My grandfather wore a watch on a grosgrain watch band, and worked construction all his life. I have an old LL Bean field watch with a watch band like my grandfather’s. I hardly wear it anymore, but it always reminds me of him.
When I turned 21, my parents sent my brother and I on a three week tour of Europe. My mother gave me the money to buy my father a Rolex there. It’s a stainless steel case, the first year they released it (or the second; my memory is fuzzy). It was still a Rolex, but more affordable than a President in a gold case. I have it, now. Technologically, it’s a throwback. To change the date, you have to run it forward 24 hours. Basically, you never want it to run down, unless you want to leave it in a drawer forever. I keep it because I remember buying it, and I remember my father wearing it. And I wear it from time to time, although you’d have to look closely to know it’s a Rolex.
It is an exceptionally fine timepiece, so the reputation isn’t all hype. I’ve had it worked on once, though I’ll never send it to Rolex to be refurbished. They’d replace the dial and the hands, and then it wouldn’t be my father’s watch anymore.
Watches as status items still perplexes me. I don’t mean I didn’t ever think of them that way. I certainly thought of a Rolex as a status item when I was 21. I once longed for a Cartier “tank” watch because I admired the design and the story (Cartier was supposedly inspired by the silhouette of the American tanks liberating France). But I could never wear one with blue jeans; much less afford it. I know Pateks are highly regarded; for the life of me, I can’t figure out why (I find all but the simplest Rolexes too ostentatious, to be fair.) Pateks just look…unremarkable. That’s not a critique; it’s just a statement. They simply don’t interest me.
Maybe it’s because I don’t associate them with famous people. The Rolex Presidential is so named because LBJ wore one. (Rolex is still good at connecting its watches to celebrity.) I remember when Sean Connery wore the then new “digital” watch, a Hamilton Pulsar (yes, I had to look that up. I remembered the watch, not the name.). It had a blank reddish screen that lit up with LED numerals when you pushed the crown (which made it about as practical as a pocket watch with a cover).
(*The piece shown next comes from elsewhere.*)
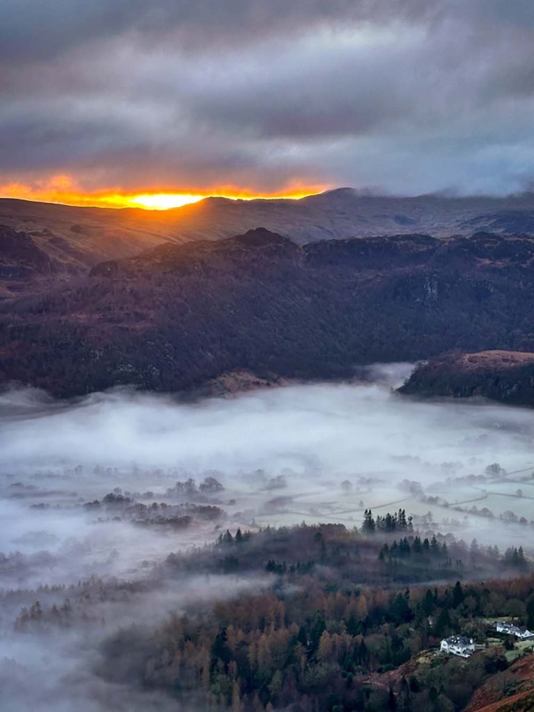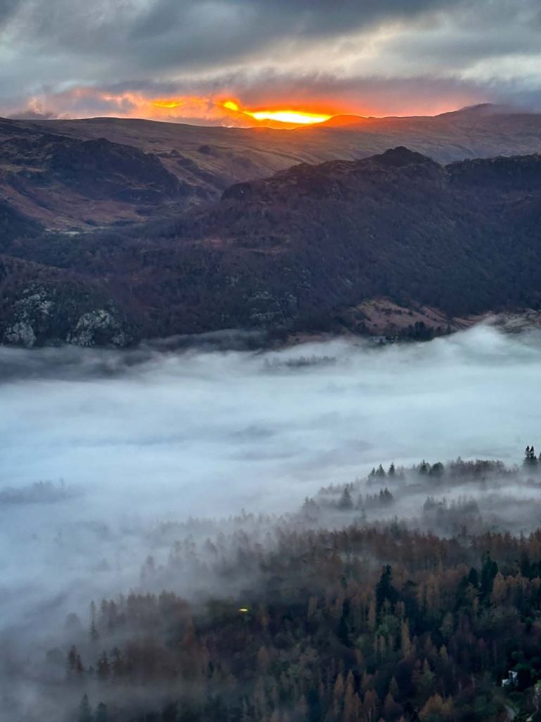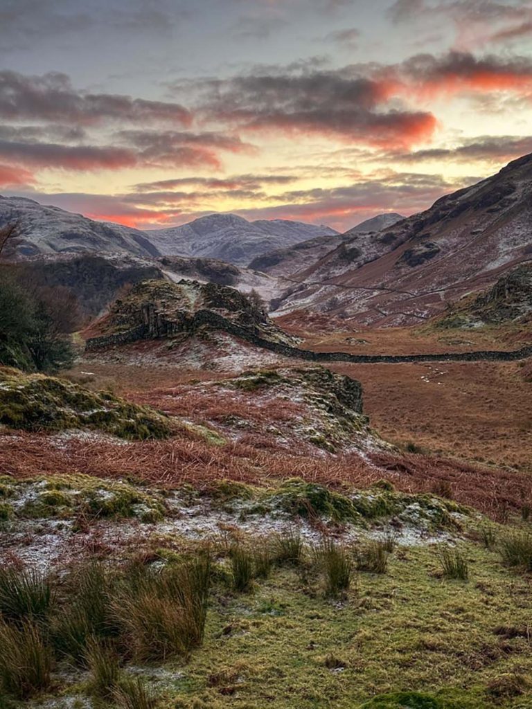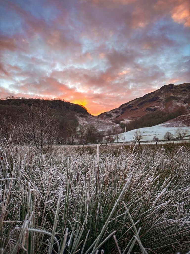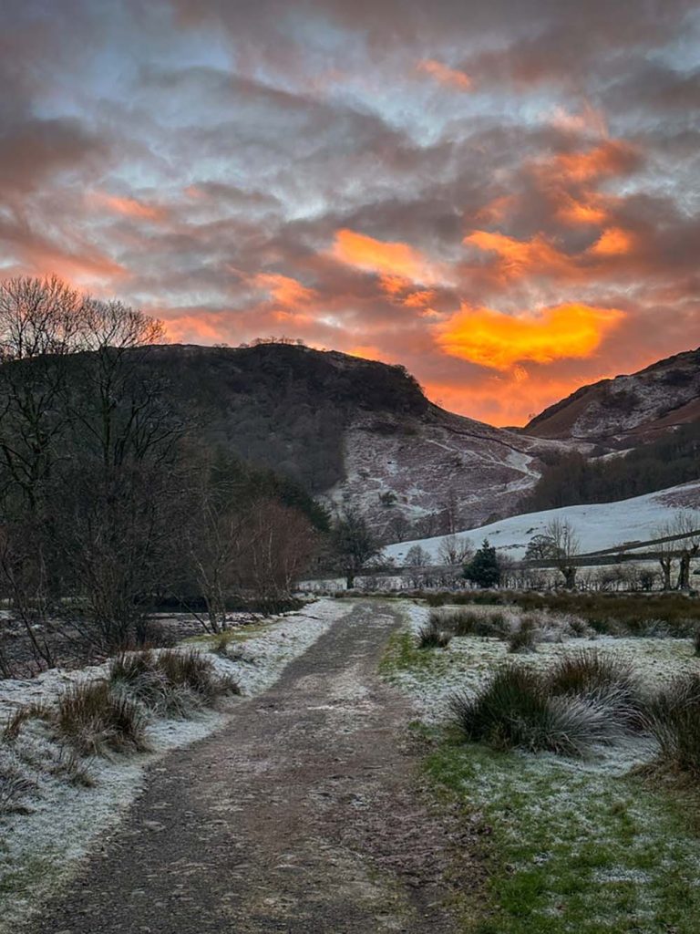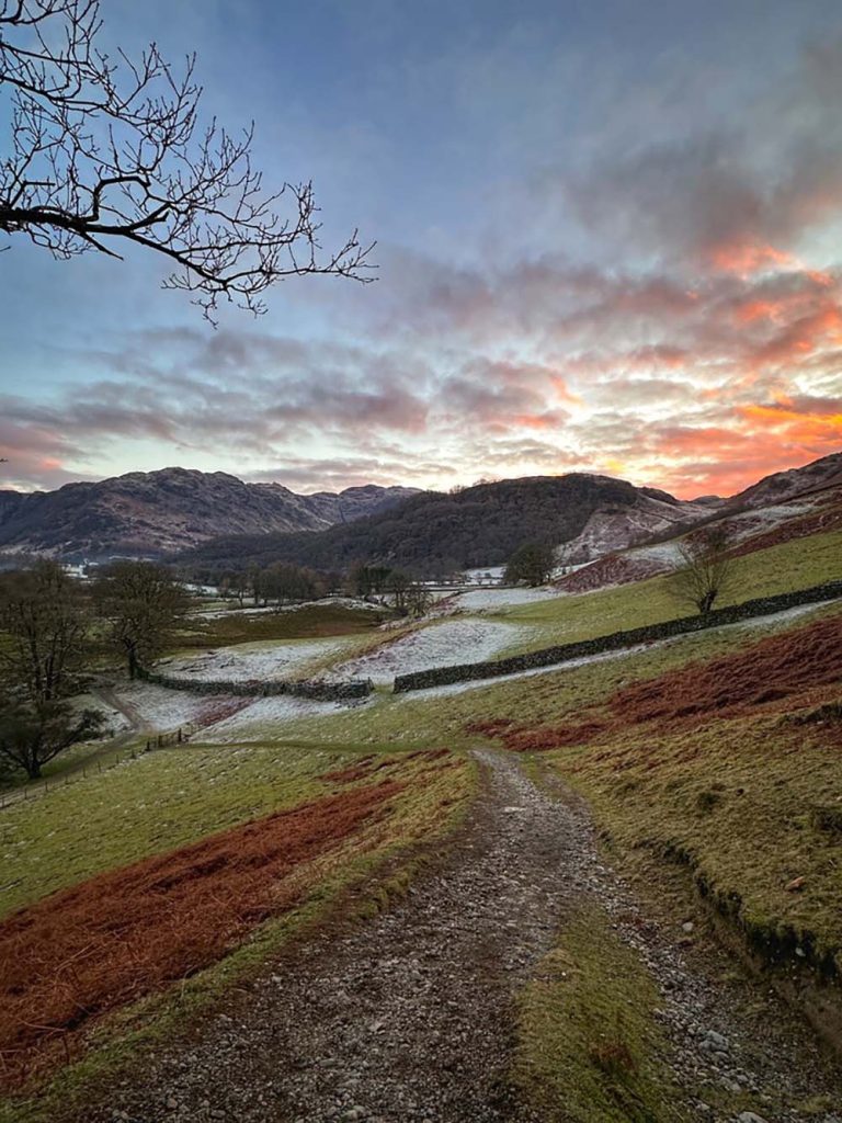 There’s a mini scramble half-way up, so make sure you have microspikes with you, in case it’s icy. There is a path to the left which means you can avoid some of it. Once you’re at the top, the views over Derwentwater are lovely, especially with the sun rising more south east in winter, across the lake. Add on Maiden Moor, the next peak along (out and back) to extend the hike, and drop down between Maiden Moor and Catbells to skirt the base of the peaks on the path next to the road, back to the start.

It wasn’t really very 007, but by then his critique of the Beatles in “Goldfinger” (their music shouldn’t be listened to without earmuffs) was buried because, as the series aged, it wouldn’t alienate the younger audience addicted to it.
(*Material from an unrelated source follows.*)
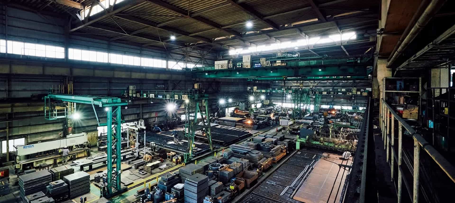 工場内は、ジャストインタイムで鋼材を加工、そして、出荷するべく機能的なレイアウト、圧倒的なパワーを発揮するクレーンを備えております。

Anyway, that made it the “hot” watch even though, as I say, you needed a free hand to tell the time. Its status was pretty much tied to that movie. I don’t think Bond ever wore it again, or, if he did, not for long. I knew a guy in college who got one because of that movie (whichever one it was). I’m sure Hamilton sold a lot of those on the strength of that placement. And then technology passed it by. Eventually Apple Watches and their copycats replaced the very concept of a digital watch, although ironically you can program them with any number of analog dials. I’m still expecting virtual rotary dial cell phones to show up at some point.
Funny thing: my father’s Rolex is from 1976; the Pulsar debuted in 1972. The Rolex is worth about six times what the Pulsar goes for now. Status, I guess.
Another funny thing about Bond and watches: I have a watch band marketed as a NATO style, but this color combination is identified as. “Bond” watch and. It’s black with a light grey band through the middle, which suited the black Apple Watch I bought it for. It’s “Bond” because Connery wears it in “Thunderball.” It took me a while to figure that one out.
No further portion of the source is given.